Brennan, 64, spent 16 years on the Ventura City Council and four years on the California Coastal Commission. He also serves as chair of the Ventura Visitors & Convention Bureau.
The new commissioner is also a senior executive aide to Ventura County Supervisor Steve Bennett and serves as pro bono executive director of BEACON.
According to port staff Brennan’s top concerns are beach access and climate change.
What’s On Tap: Brennan’s term on the Ventura Port District board ends June 30, 2020. He can be reached at email@example.com.
Long Beach approves design engineer services for Colorado Lagoon Project
What Happened: Long Beach City Council approved professional engineering design services for the second phase of Colorado Lagoon Open Channel Restoration project at a Aug. 16 meeting. The contract with Anchor QEA in the amount of $300,000 for preliminary design services for a three-year period.
In May the city approved the second phase of the restoration project that will involve the proposed construction of an open, hydraulic water channel to reconnect the lagoon to Marine Stadium.
“This is a fantastic project and I’m excited to get this underway,” said Long Beach City Council member Suzie Price.
An 18-acre saltwater tidal lagoon, the Colorado Lagoon is hydraulically connected to Alamitos Bay and the Pacific Ocean. Contaminants from storm water runoff and tidal exchange helped contribute to the listing of the lagoon on the Federal Clean Water Act Section of impaired water bodies. The restoration of the lagoon is intended to improve water quality and restore the water body’s ecological value.
The creation of new intertidal subtidal habitat and eelgrass beds are all part of the project along with the extension of the floating pier and footbridge by 150 feet. The extension will require 16 new piles and pile driving.
What’s On Tap: Construction is scheduled to begin in September and build upon previous work in 2010 and 2012. Phase 2 consists of two subphases – 2A and 2B. This approval is for Phase 2A.
Phase 2B will create new subtidal and intertidal habitat, planting eelgrass and revegetation of the site to help satisfy mitigation requirements, according to staff reports.
Long Beach bridge to be renamed after Long Beach Olympian
What Happened: The Alamitos Bay Bridge will be renamed to pay tribute to Joan Lind Van Blom, the first women to win an Olympic Medal for the United States in rowing in 1976. Van Blom died on Aug. 28, 2015 from brain cancer. She was 62.
The California Legislature recently passed Senate Concurrent Resolution 102 (SCR 102) to rename the bridge in honor of Van Blom earlier this month.
“The bridge to be renamed has a special significance as Joan rowed under it countless times during her remarkable career. It is only fitting that from now forward this bridge carries the name of a woman who touched the lives of many Long Beach residents,” said Sen. Janet Nguyen who introduced SCR 102.
Nguyen introduced SCR 102 at the request of the Long Beach Century Club.
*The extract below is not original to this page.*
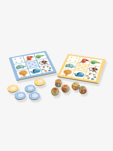 - Contient : 5 dés identiques en bois, 4 cartes et 24 jetons en carton

Van Blom was inducted into the club’s Hall of Fame in 1996.
Van Blom also won a silver medal in the quadruple sculls at the 1984 Olympic Games in Los Angeles. She was also a member of the 1980 Olympic team that boycotted the Moscow Games.
She worked for 35 years with the Long Beach Unified School District as a physical education teacher and curriculum leader.
What’s On Tap: A renaming ceremony for the bridge will be held by Nguyen, the city of Long Beach, Caltrans and the Long Beach Century Club at a date that has yet to be determined.
The bridge is located on State Highway Route 1, south of Loynes Drive and north of East Second Street. Plans are also underway to purchase permanent signage displaying the bridge’s new name.